Software
Manufacturers Must Unify Data Now to Meet First Digital Product Passport Deadlines
Meeting these requirements depends not only on connecting data across systems, but also on proving how products were actually made.

Nearly 90% of material resources across the European Union are lost after their first use, highlighting how linear today’s manufacturing economy remains. To address this, the EU introduced the Ecodesign for Sustainable Products Regulation (ESPR). At the center is the Digital Product Passport (DPP), a framework designed to make product-level data traceable, verifiable, and accessible across the full lifecycle.
With delegated acts rolling out this year, manufacturers face a near-term reality. Compliance will require a fundamental shift in how operational data is captured, connected, and maintained. As requirements take shape over the coming months, organizations that delay risk falling behind.
Migrate from Silos to a Single Source of Truth
Fragmented manufacturing data has become the norm. Quality metrics sit in inspection systems, supply chain data lives in spreadsheets, and compliance records are stored separately. The DPP will require manufacturers to move away from these disconnected approaches toward a connected, auditable data foundation that can bring product, process, quality, and supply chain information together.
Verified product data, including material composition, carbon footprint, and repairability, must be integrated into a single federated system that connects information across the full supply chain, forming a unified digital thread. Under the DPP, this information will be accessed through a product’s QR code or unique identifier and pulled from a unified, tamper-resistant record. That data must remain accurate and continuously updated as the product moves from production to end of life.
The regulation is also designed to eliminate greenwashing, where companies make vague or unsupported environmental claims due to limited visibility. In the U.S., 68% of executives admit to using greenwashing tactics, while 58% of global executives say the same. The DPP replaces ambiguity with verifiable, product-level data.

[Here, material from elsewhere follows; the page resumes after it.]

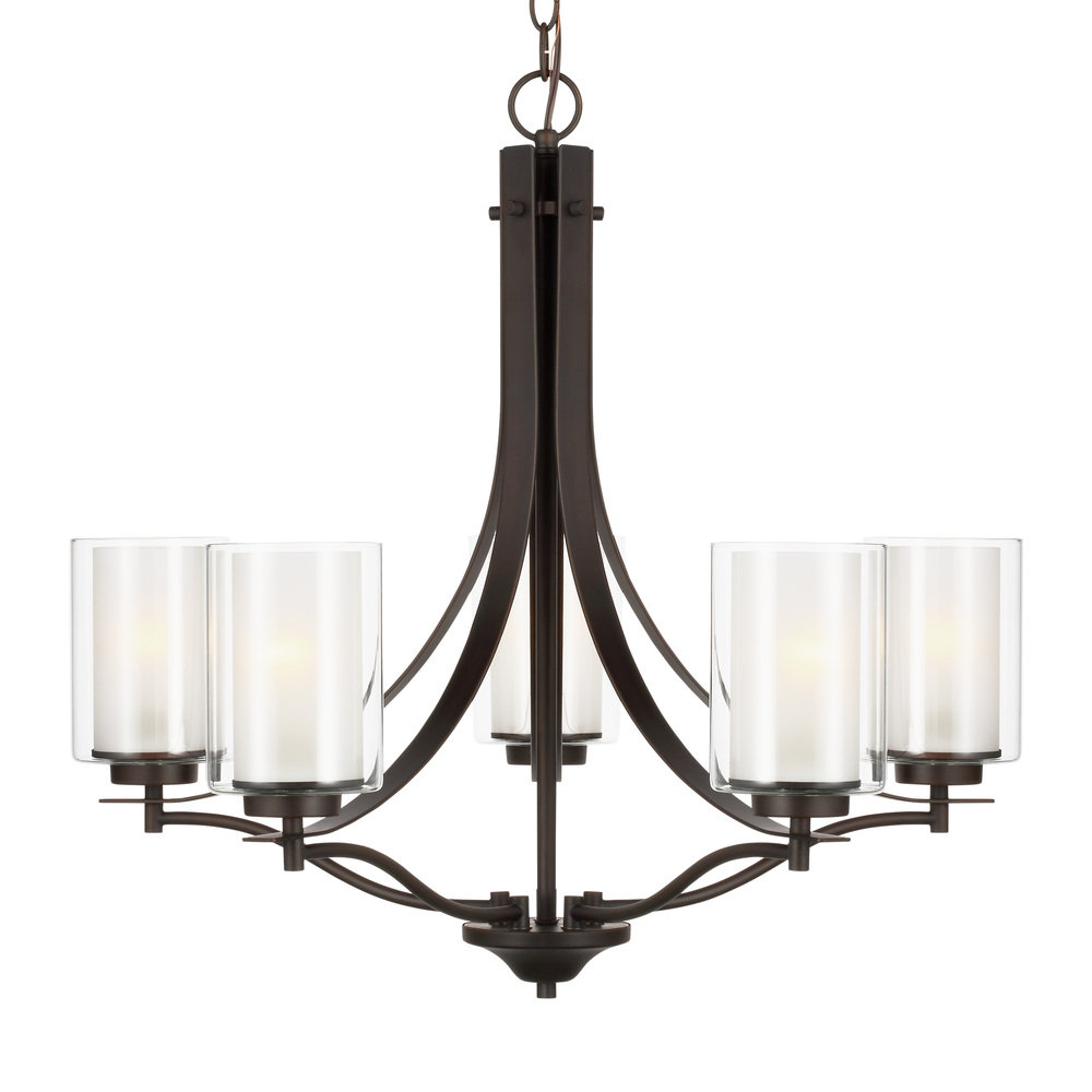 The Elmwood Park five light single tier chandelier in bronze enhances the beauty of your home with ample light and style to match today's trends. Elmwood Park by has clear glass tube shades with an inner white glass element that softens the light and helps cast an even glow. A cylinder of etched glass is centered within a larger cylinder of clear glass which encircles each light bulb to create this stunning visual effect. The full assortment includes three-, five-and nine-light chandeliers, a four-light linear, one-light mini pendant, a three-light pendant, a two-light semi flush which is convertible into a pendant, and one-, two-, three- and four-light bath fixtures. All fixtures offered in either a Brushed Nickel or Brushed Oil Rubbed Bronze. Incandescent and ENERGY STAR-qualified LED lamping are available; all fixtures are California Title 24 compliant.
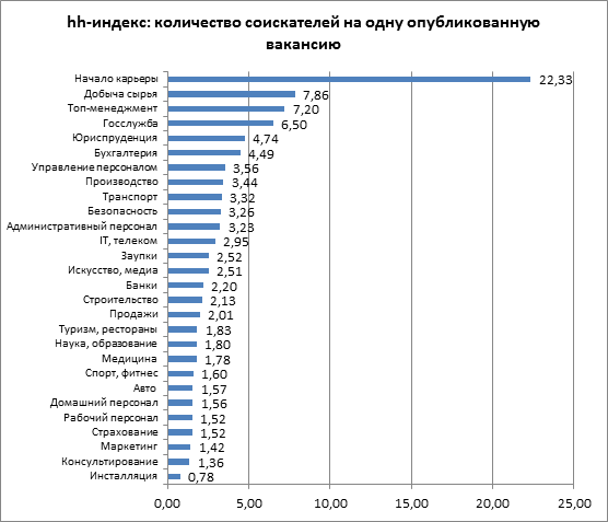 "Самая большая конкуренция среди представителей профессиональных областей приходится на: "начало карьеры" - 22 человека на место, добыча сырья - 7,8 процента, топ-менеджмент - 7,2 процента, юриспруденция - 4,7 и бухгалтерия - 4,48 процента кандидата на одну вакансию соответственно. Если же говорить о представителях рабочих профессий, то налицо дефицит "синих воротничков". В сферах "строительство" - всего 2,13 человека на одно вакантное место, "рабочий персонал" - 1,52 соискателя на одну вакансию, то есть работодатели испытывают трудности с подбором персонала на рабочие вакансии и вынуждены "побороться" за них", - говорится в распространенном сообщении.

SPC Provides Manufacturing Evidence that Strengthens DPP Readiness
Meeting these requirements depends not only on connecting data across systems, but also on proving how products were actually made. Manufacturers will need to connect statistical process control (SPC) and manufacturing execution system (MES) data with product lifecycle and product information systems to create a digital thread that links design intent, production execution, and quality outcomes.
When this data is connected through genealogy, batch, lot, or serial-level traceability, manufacturers gain a searchable record of how the product was produced, under what conditions, and whether key quality characteristics remain under control.
SPC matters uniquely in this environment because it does more than record that a product was made. It shows whether the manufacturing process was stable, monitored, and operating within acceptable limits at the time of production. Product lifecycle management (PLM) can define what should be made, and MES can record what was made, but SPC provides evidence that critical process characteristics were being controlled throughout production.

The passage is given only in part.